8bit-threshold-computer / docs /float-pipeline.md
CharlesCNorton
eval_all: hash-keyed result cache (--cache-dir, --no-cache); README: bit-ordering scope rules; docs/ISA.md: opcode reference and end-to-end tutorial; docs/float-pipeline.md: composition gap notes
597e7c2
# IEEE-754 add: composing the stages
The threshold network ships separate `float16.unpack`, `float16.add`, `float16.normalize`, and `float16.pack` (and the `float32.*` siblings). Each is an independent threshold-logic subcircuit with its own external ports.
## What you actually get from each stage
| Stage | Inputs | Outputs |
|---|---|---|
| `float16.unpack` | 1 generic input bit | 16 `bit0..bit15` outputs (sign / exp / mantissa fields) |
| `float16.add` | 5 `exp_a` + 5 `exp_b` + 5 generic input bits = 15 inputs | 499 outputs covering align, exp_diff, mant_add, mant_sub, mant_select, sign_xor stages |
| `float16.normalize` | 2 generic input bits | 356 outputs covering exp_adj and mantissa-shift stages |
| `float16.pack` | 1 generic input bit | 16 `bit0..bit15` outputs (assembled IEEE-754 word) |
Use `python -m safetensors2verilog ... --circuit float16.<stage> --inspect` to print the live contract for any stage from the variant you're using.

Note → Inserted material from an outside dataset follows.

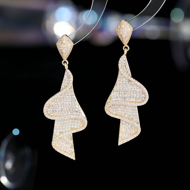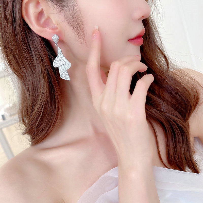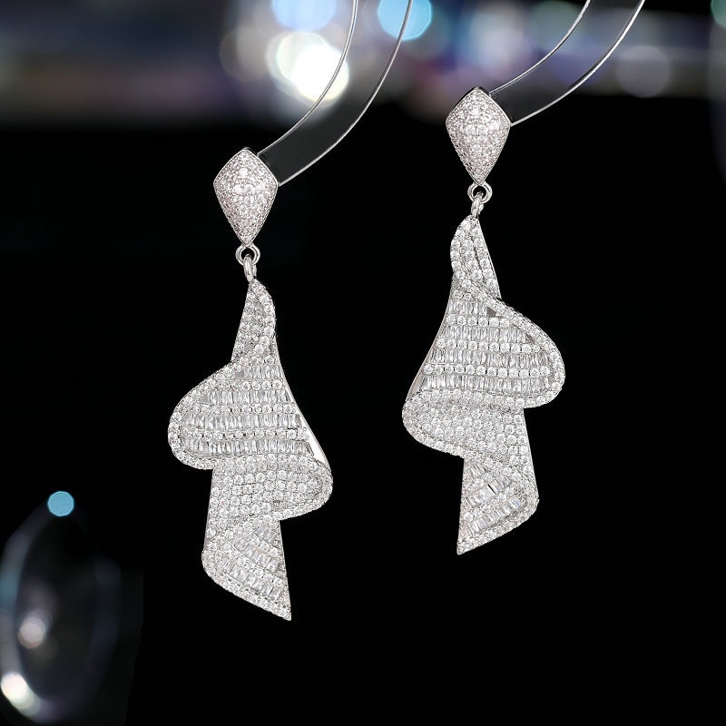 Fashion Exaggerated Luxury Heavy Earrings Zircon Skirt Ribbon Light Luxury High-end Dinner Dress Bridal Earrings

## What's missing for a single composed block
None of the four stages exposes ports named in a way that says "I produce the operand the next stage consumes." `float16.unpack` outputs `float16.unpack.bit0..15`; `float16.add` consumes `$float16_exp_a[0..4]` and an opaque `$input[0..4]`. The wire-up between `unpack` and `add` is not encoded in the safetensors metadata. It exists only in the original construction code at `build.py` and in the gate-fitness harness at `eval.py`.
Two consequences:
1. **Subcircuit extraction works**, but each stage compiles to a standalone module whose bit-bag inputs and outputs need a hand-written wrapper to chain.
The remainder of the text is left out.